Dataset records:
--

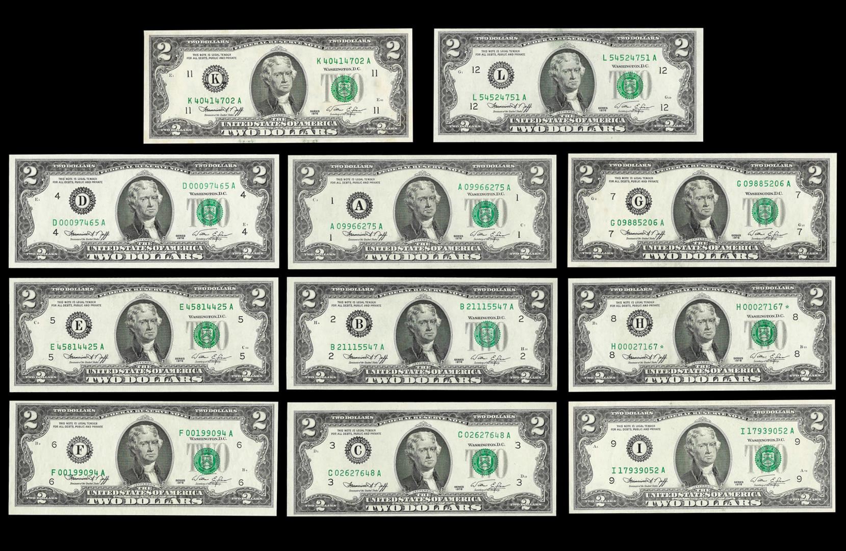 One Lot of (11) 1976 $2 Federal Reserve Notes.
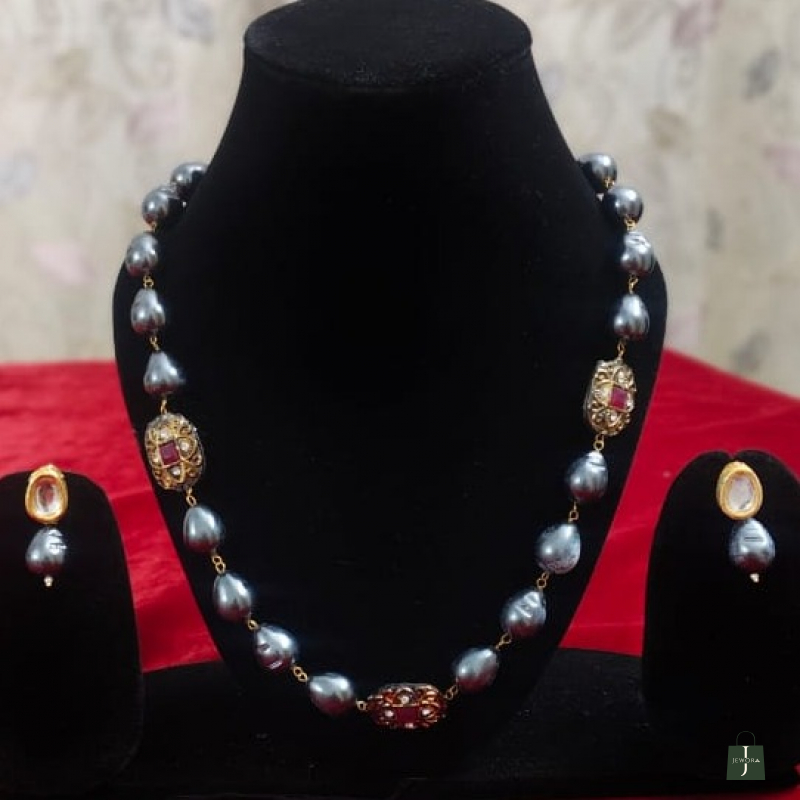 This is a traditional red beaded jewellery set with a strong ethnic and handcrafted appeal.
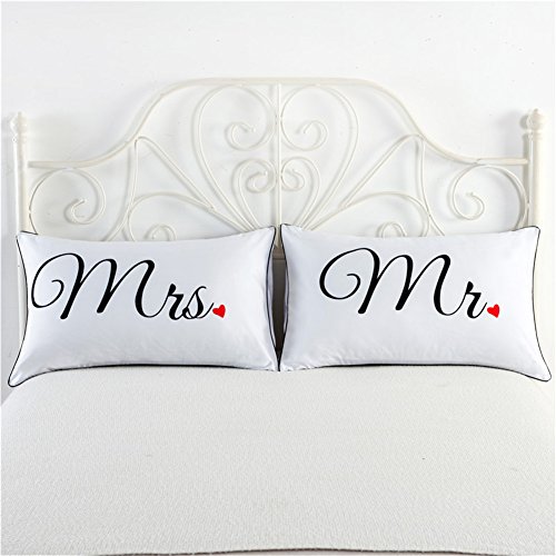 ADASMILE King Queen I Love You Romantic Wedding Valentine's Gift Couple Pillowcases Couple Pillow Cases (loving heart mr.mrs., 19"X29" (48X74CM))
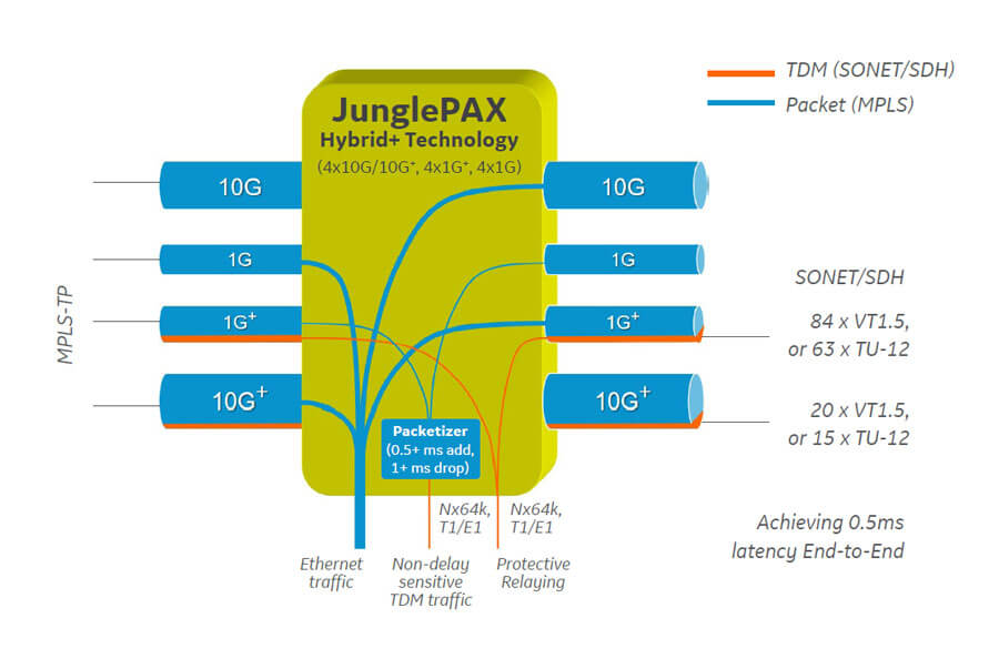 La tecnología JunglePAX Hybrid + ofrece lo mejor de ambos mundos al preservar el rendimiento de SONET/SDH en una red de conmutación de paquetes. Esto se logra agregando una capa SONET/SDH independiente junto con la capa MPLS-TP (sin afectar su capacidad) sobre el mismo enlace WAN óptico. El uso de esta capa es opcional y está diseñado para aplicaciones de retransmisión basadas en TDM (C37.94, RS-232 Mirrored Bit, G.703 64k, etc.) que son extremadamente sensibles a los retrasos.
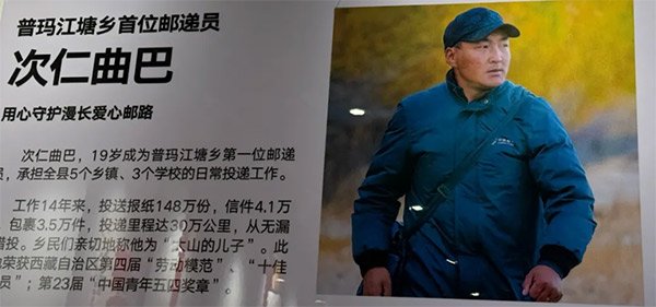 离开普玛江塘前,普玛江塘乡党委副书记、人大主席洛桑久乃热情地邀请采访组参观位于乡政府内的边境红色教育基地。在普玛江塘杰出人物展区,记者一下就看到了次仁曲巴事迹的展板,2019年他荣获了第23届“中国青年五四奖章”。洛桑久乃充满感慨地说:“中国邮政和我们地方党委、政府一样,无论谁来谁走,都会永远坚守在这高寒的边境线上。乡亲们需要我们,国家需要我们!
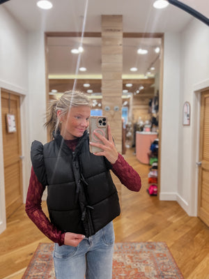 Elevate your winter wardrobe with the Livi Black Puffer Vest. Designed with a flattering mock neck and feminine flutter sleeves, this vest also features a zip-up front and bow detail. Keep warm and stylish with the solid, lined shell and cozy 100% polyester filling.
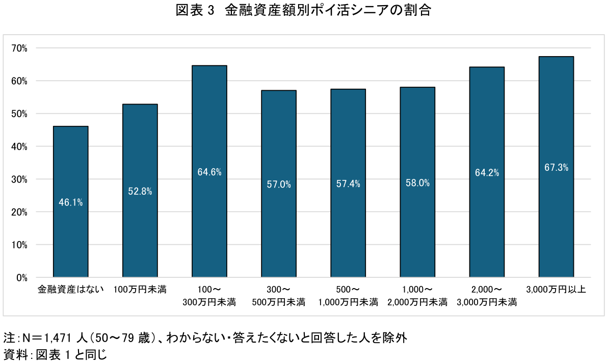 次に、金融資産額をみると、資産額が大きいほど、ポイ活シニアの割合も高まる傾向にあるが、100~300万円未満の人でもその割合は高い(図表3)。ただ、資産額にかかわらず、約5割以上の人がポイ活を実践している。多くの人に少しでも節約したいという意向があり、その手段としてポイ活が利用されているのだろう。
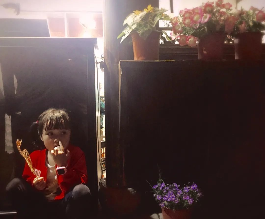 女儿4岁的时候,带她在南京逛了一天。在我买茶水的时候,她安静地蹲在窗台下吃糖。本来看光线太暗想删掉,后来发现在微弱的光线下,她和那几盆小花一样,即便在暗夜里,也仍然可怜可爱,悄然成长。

--

● Exercise instructions: Leaving every picture behind, retype the entries above exactly, from the first line through the line with "离开普玛江塘前,普玛江塘乡党", and stop there.

● Answer box:
 One Lot of (11) 1976 $2 Federal Reserve Notes.
 This is a traditional red beaded jewellery set with a strong ethnic and handcrafted appeal.
 ADASMILE King Queen I Love You Romantic Wedding Valentine's Gift Couple Pillowcases Couple Pillow Cases (loving heart mr.mrs., 19"X29" (48X74CM))
 La tecnología JunglePAX Hybrid + ofrece lo mejor de ambos mundos al preservar el rendimiento de SONET/SDH en una red de conmutación de paquetes. Esto se logra agregando una capa SONET/SDH independiente junto con la capa MPLS-TP (sin afectar su capacidad) sobre el mismo enlace WAN óptico. El uso de esta capa es opcional y está diseñado para aplicaciones de retransmisión basadas en TDM (C37.94, RS-232 Mirrored Bit, G.703 64k, etc.) que son extremadamente sensibles a los retrasos.
 离开普玛江塘前,普玛江塘乡党委副书记、人大主席洛桑久乃热情地邀请采访组参观位于乡政府内的边境红色教育基地。在普玛江塘杰出人物展区,记者一下就看到了次仁曲巴事迹的展板,2019年他荣获了第23届“中国青年五四奖章”。洛桑久乃充满感慨地说:“中国邮政和我们地方党委、政府一样,无论谁来谁走,都会永远坚守在这高寒的边境线上。乡亲们需要我们,国家需要我们!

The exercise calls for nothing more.